Available data:
*** Begin section ***

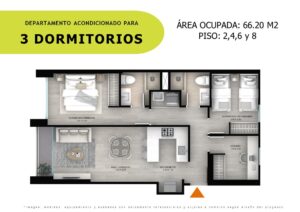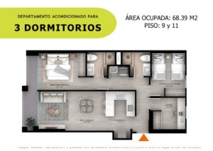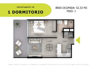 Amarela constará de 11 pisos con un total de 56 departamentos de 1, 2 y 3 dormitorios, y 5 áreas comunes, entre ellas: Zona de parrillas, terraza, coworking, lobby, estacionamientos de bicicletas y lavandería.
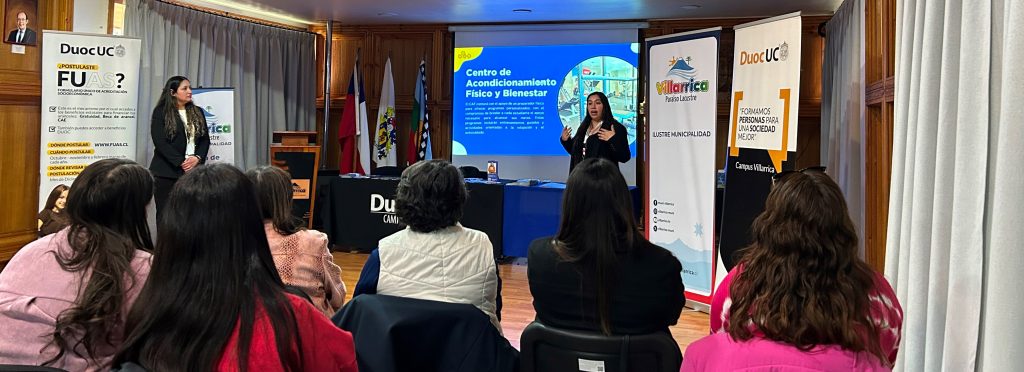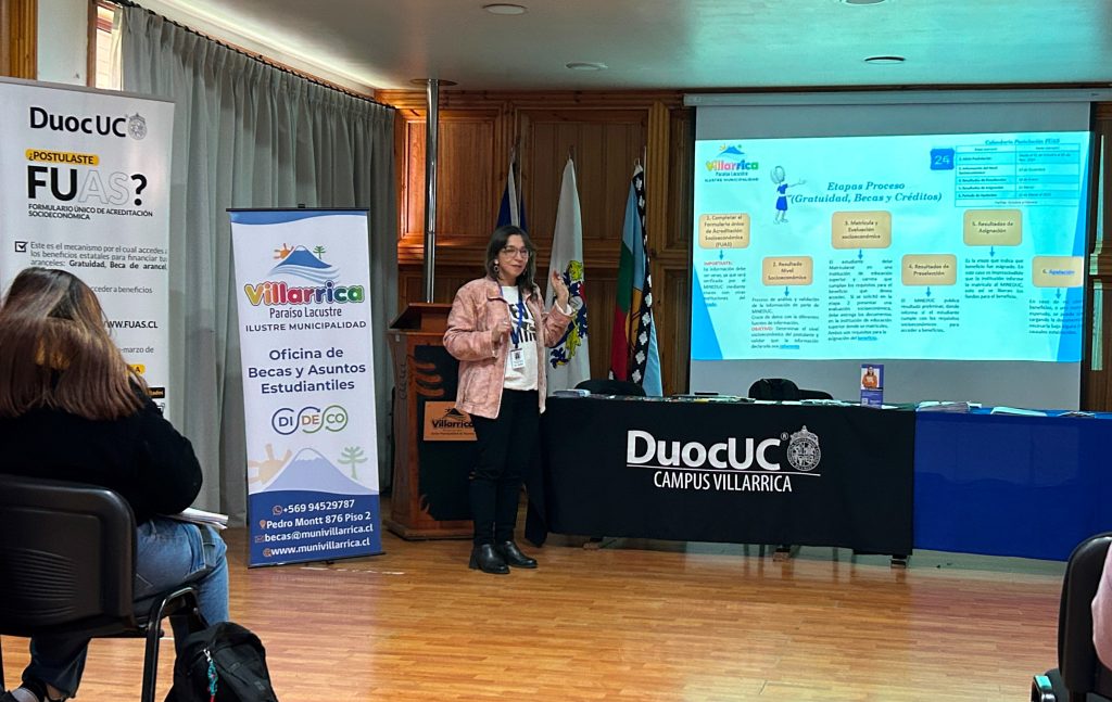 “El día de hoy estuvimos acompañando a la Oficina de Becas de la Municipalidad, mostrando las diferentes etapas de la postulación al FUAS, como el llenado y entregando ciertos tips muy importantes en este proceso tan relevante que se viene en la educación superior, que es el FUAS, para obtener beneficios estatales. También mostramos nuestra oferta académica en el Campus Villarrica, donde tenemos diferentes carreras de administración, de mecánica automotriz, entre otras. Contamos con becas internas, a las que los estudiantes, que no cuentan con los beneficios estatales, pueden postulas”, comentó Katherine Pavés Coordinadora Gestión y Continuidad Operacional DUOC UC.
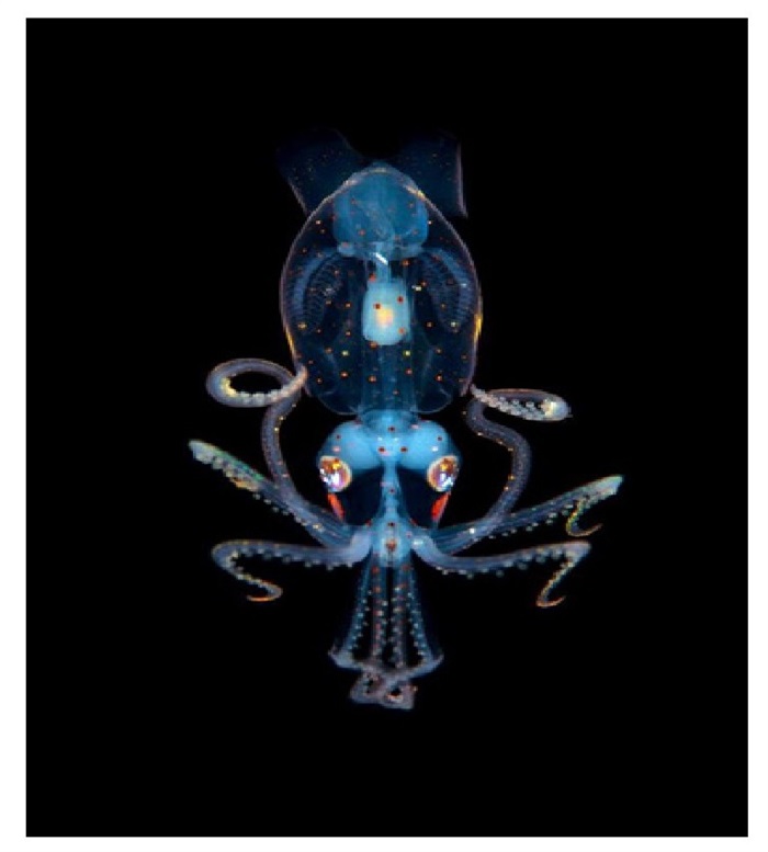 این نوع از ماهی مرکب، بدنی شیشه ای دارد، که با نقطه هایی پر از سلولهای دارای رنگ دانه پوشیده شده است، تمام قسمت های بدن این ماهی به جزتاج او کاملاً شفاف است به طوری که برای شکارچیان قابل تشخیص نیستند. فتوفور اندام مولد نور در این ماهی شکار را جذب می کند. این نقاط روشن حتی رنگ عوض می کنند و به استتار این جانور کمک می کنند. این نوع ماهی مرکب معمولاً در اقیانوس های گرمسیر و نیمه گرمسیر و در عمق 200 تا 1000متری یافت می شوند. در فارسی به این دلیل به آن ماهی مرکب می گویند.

*** End section ***

Assigned task:
Every line of the material should be repeated precisely; pictures are to be excluded.

Exercise answer:
 Amarela constará de 11 pisos con un total de 56 departamentos de 1, 2 y 3 dormitorios, y 5 áreas comunes, entre ellas: Zona de parrillas, terraza, coworking, lobby, estacionamientos de bicicletas y lavandería.
 “El día de hoy estuvimos acompañando a la Oficina de Becas de la Municipalidad, mostrando las diferentes etapas de la postulación al FUAS, como el llenado y entregando ciertos tips muy importantes en este proceso tan relevante que se viene en la educación superior, que es el FUAS, para obtener beneficios estatales. También mostramos nuestra oferta académica en el Campus Villarrica, donde tenemos diferentes carreras de administración, de mecánica automotriz, entre otras. Contamos con becas internas, a las que los estudiantes, que no cuentan con los beneficios estatales, pueden postulas”, comentó Katherine Pavés Coordinadora Gestión y Continuidad Operacional DUOC UC.
 این نوع از ماهی مرکب، بدنی شیشه ای دارد، که با نقطه هایی پر از سلولهای دارای رنگ دانه پوشیده شده است، تمام قسمت های بدن این ماهی به جزتاج او کاملاً شفاف است به طوری که برای شکارچیان قابل تشخیص نیستند. فتوفور اندام مولد نور در این ماهی شکار را جذب می کند. این نقاط روشن حتی رنگ عوض می کنند و به استتار این جانور کمک می کنند. این نوع ماهی مرکب معمولاً در اقیانوس های گرمسیر و نیمه گرمسیر و در عمق 200 تا 1000متری یافت می شوند. در فارسی به این دلیل به آن ماهی مرکب می گویند.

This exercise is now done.